Obesity

N -acylphosphatidylethanolamine, a gut-derived circulating factor induced by fat ingestion, inhibits food intake Gillum, M. P. et al. Cell 135, 813–824 (2008)

N-Acylphosphatidylethanolamines (NAPEs) are a group of plasma lipids with previously unknown physiological significance. This paper shows that NAPEs are secreted into the circulation from the small intestine in response to ingested fat and are able to enter the brain, concentrating in the hypothalamus. Chronic NAPE infusion in rats resulted in a reduction of food intake and body weight, suggesting that NAPEs could provide new opportunities for obesity treatments.

Cancer

Small molecule-mediated disruption of Wnt-dependent signaling in tissue regeneration and cancer Chen, B. et al. Nature Chem. Biol. 4 Jan 2009 (doi: 10.1038/nchembio.137)
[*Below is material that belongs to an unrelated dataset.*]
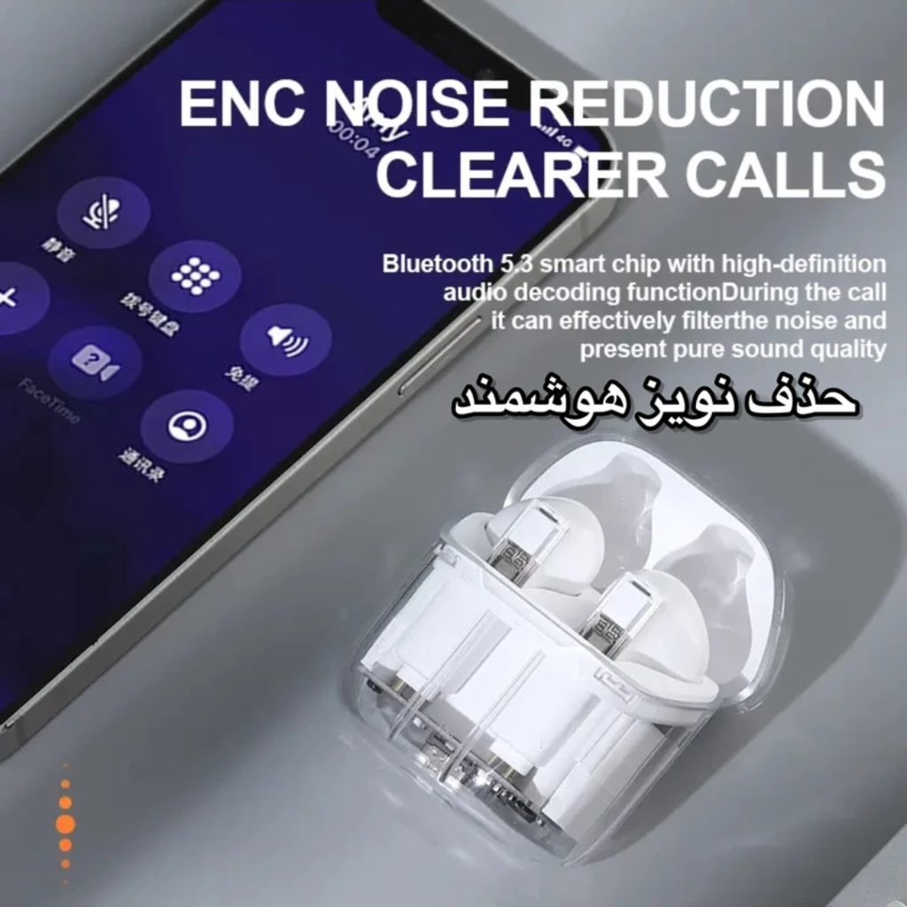 هندزفری بلوتوثی جت موبیکس مدل YX06 یک ایرپاد حرفه ای کاملا شفاف با دیزاین شیک و جوان پسند مناسب استفاده روزمره و مکالمه از برند جت موبیکس میباشد که دارای نسخه بلوتوث 5.3 بوده که باعث میشود کوچکترین تاخیری در مکالمه و گیم احساس نکنید و به نسبت قیمت خود ، امکانات مناسبی دارد.این ایرپاد به همه دستگاه های اندروید و آیفون و حتی لب تاپ امکان اتصال دارد و میتوانید به تمامی وسایل الکترونیک خود آن را متصل نمایید. از قابلیت های جذاب دیگر این محصول فعال بودن دستیار صوتی Siri برای گوشی های آیفون در این مدل میباشد .این ایرپاد با استفاده از سنسور لمسی خود میتوانید تمامی فرمان های قطع و اتصال تماس و متوقف کردن موسیقی و پخش مجدد و رفتن به موزیک بعدی و قبلی را انجام دهید. درگاه شارژ این محصول از نوع تایپ C میباشد.این ایرپاد دارای سیستم حذف نویز ENC نیز میباشد.

WNT–β-catenin signalling proteins play a key part in tissue homeostasis and tumorigenesis. By screening a synthetic chemical library, Chen and colleagues discovered two new classes of small molecules that disrupted discrete regulatory steps in the WNT–β-catenin pathway. Using these compounds, they demonstrated a transient, reversible suppression of the WNT–β-catenin pathway response in zebrafish and established a mechanism-based approach to target cancerous cell growth in vitro. So, such signal transduction mechanisms could be exploited for chemical genetics and therapeutic targeting.

Atherosclerosis

Disrupting functional interactions between platelet chemokines inhibits atherosclerosis in hyperlipidemic mice Koenen, R. R. et al. Nature Med. 15, 97–103 (2009)

Chemokine-driven mononuclear-cell recruitment leads to arterial-wall inflammation in atherosclerosis, but directly antagonizing chemokine receptors could lead to immunological side effects. These authors determined structural features of heteromers of the chemokine ligands CCL5 and CXCL4 and designed stable peptide inhibitors that specifically disrupted proinflammatory CCL5–CXCL4 interactions. In mice, one CCL5–CXCL4 inhibitor attenuated monocyte recruitment and reduced atherosclerosis, establishing the potential of targeting heteromer formation to achieve therapeutic effects.

Anticancer drugs

Effective use of PI3K and MEK inhibitors to treat mutant Kras G12D and PIK3CA H1047R murine lung cancers Engelman, J. A. et al. Nature Med. 14, 1351–1356 (2008)

To more closely mimic human lung cancer, Engelman and colleagues developed transgenic mouse models of lung tumours. Treatment of tumours driven by mutant phosphoinositide 3-kinase (PI3K) with NVP-BEZ235 — a dual pan-PI3K and mTOR (mammalian target of rapamycin) inhibitor — led to marked tumour regression. In mouse lung cancers driven by mutant Kras — a tumour type associated with poor prognosis — NVP-BEZ235 combined with a mitogen-activated protein kinase kinase inhibitor led to a marked synergy in shrinking these tumours.